The Evolution of Yahweh

it is clear that the ancient Hebrews/Israelites and Judeans believed in their God, Yahweh. This is not very surprising or interesting. It would be interesting if there were evidence that the God of the ancient Hebrews was an actual being acting in history. However, there is no reason to believe Yahweh existed anywhere other than in the minds of human beings. It is quite certain that Yahweh is no more real than the other gods of the ancient Near East, such as Marduk, Baal or Moloch, for example. Yahweh is not even the original God of Israel. The original God of Israel was El, not Yahweh, as is clear in the patriarchal narratives: the name Isra- el means “El rules,” not “Yahweh rules”— that would be Isra- yahu.

Studies in religious history have shown that YHWH is a manifestation of a weather god who came to Palestine from the south. Originally he belonged to the type of storm and war gods such as Baal, Anath, Hadad, Resheph and Chemosh. Many early Israelites understood Yahweh as another name for Baal. He was worshipped in Canaanite shrines. The names Baal and Yahweh and even Hadad were interchangeable. For example, the Ugaritic chief deity was Baal, a storm god. The language and style with which Baal is depicted are quite similar to the depiction of Yahweh in Psalm 29, for example. The earliest poetry about Yahweh in the Hebrew Bible depicts him as a storm god. This is the prevailing theory among scholars specializing in the religions of the ancient Near East.

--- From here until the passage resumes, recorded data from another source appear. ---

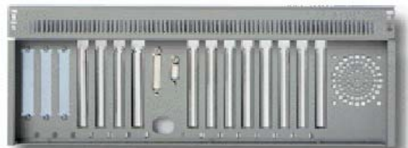
8+4-Slot back panel window for FullSize-AT boards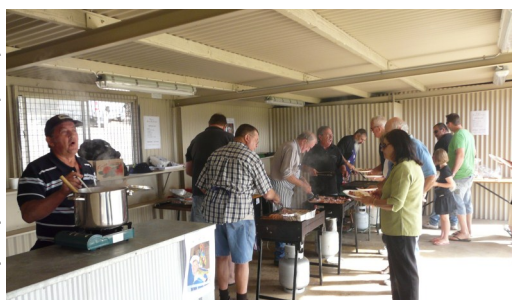
Many volunteers cooking the breakfast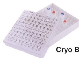
Cryo Box System - 100, PC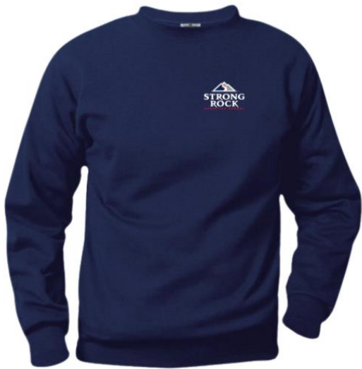
Navy Crew Neck Sweatshirt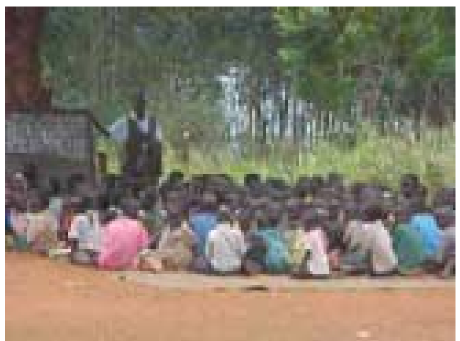
A class being conducted in the open air for primary students from the Acholi-pii group.

Offices and residences for implementing partners will be constructed and communications and data processing equipment as well as office supplies will be provided.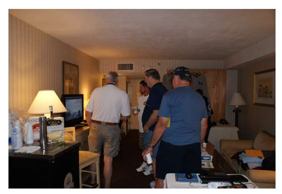
The keg-o-rater on left. Ready to serve

The day before the reunion, the HR, the nerve center of the reunion and aptly named, took shape, complete with a large poster listing food and beverages available as well as the rules and regulations to be observed in the place (one example: No passing out in the middle of the room. We will walk on you.)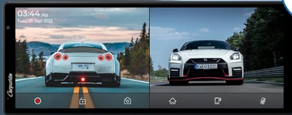
Front Camera + Rear Camera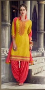
D NO. : 599

"In fact, the images of Yahweh as the master of the storm, the “Cloud Rider” (Ps. 68:4; Isa. 19:1), and the transcendent creator God (Isa. 40:28) were probably borrowed from or influenced by Ugaritic or Canaanite literature and their depictions of the gods El and Baal. "5 Victor Matthews: Hebrew Prophets and Their Social World, 9.

It appears that El’s consort, Asherah, was inherited by Yahweh when El and Yahweh were merged. The existence of a Mrs. God, so unseemly to Jewish and Christian orthodoxy, has become widely, though not universally, accepted.

The biblical patriarchs worshipped various localized manifestations of the Canaanite God El but the biblical authors interpret these names as names of the Israelite God, Yahweh. In the belief system of the ancient Israelites, Yahweh evolved from a rather limited, whimsical, tribal war god—a subordinate in the Canaanite pantheon—to the unitary, supreme, moralizing deity during the course of several centuries. Originally, Yahweh was not a specialist in all areas of godhood. When the Israelites settled in Canaan, they turned to the Baal cult for such matters. The elaboration of the ideas of Yahweh as the guarantor of fertility and personal good fortune, as the head of a pantheon, as the creator of the world, and as the judge of the world unfolded gradually during or after the Babylonian exile.